● **EXERCISE DETAILS**
The exact lines of the listing, from its first through the line that contains "Upgrade your game's", are to make up the answer, and pictures are to be left out.

● **COLLECTED DATA**
---*---
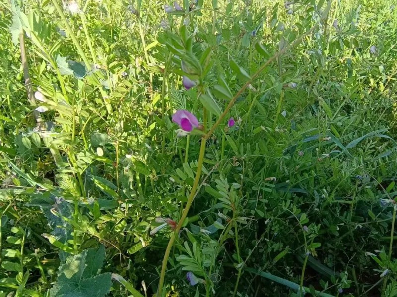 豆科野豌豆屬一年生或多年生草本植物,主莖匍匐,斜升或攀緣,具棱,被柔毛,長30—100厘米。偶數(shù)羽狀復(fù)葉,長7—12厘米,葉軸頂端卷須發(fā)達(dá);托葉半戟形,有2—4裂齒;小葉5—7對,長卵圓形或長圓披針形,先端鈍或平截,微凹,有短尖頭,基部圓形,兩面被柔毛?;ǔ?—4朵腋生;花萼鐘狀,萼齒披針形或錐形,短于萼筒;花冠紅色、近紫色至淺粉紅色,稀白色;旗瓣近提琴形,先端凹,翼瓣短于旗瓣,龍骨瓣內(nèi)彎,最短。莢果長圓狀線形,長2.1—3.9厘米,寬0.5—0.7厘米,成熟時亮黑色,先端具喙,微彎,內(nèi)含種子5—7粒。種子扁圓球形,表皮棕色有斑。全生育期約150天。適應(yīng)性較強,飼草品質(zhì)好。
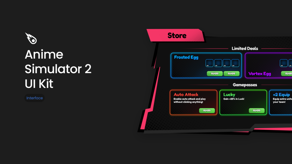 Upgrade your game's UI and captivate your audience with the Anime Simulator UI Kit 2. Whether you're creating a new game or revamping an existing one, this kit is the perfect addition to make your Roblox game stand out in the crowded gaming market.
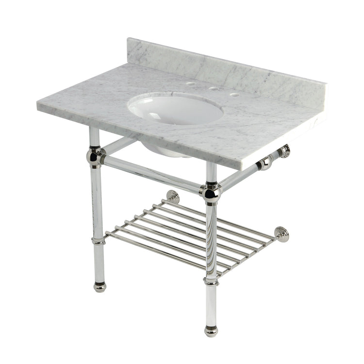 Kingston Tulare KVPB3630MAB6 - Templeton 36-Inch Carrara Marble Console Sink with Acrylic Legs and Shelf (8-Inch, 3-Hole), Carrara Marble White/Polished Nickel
---*---
● **TASK SOLUTION**
 豆科野豌豆屬一年生或多年生草本植物,主莖匍匐,斜升或攀緣,具棱,被柔毛,長30—100厘米。偶數(shù)羽狀復(fù)葉,長7—12厘米,葉軸頂端卷須發(fā)達(dá);托葉半戟形,有2—4裂齒;小葉5—7對,長卵圓形或長圓披針形,先端鈍或平截,微凹,有短尖頭,基部圓形,兩面被柔毛?;ǔ?—4朵腋生;花萼鐘狀,萼齒披針形或錐形,短于萼筒;花冠紅色、近紫色至淺粉紅色,稀白色;旗瓣近提琴形,先端凹,翼瓣短于旗瓣,龍骨瓣內(nèi)彎,最短。莢果長圓狀線形,長2.1—3.9厘米,寬0.5—0.7厘米,成熟時亮黑色,先端具喙,微彎,內(nèi)含種子5—7粒。種子扁圓球形,表皮棕色有斑。全生育期約150天。適應(yīng)性較強,飼草品質(zhì)好。
 Upgrade your game's UI and captivate your audience with the Anime Simulator UI Kit 2. Whether you're creating a new game or revamping an existing one, this kit is the perfect addition to make your Roblox game stand out in the crowded gaming market.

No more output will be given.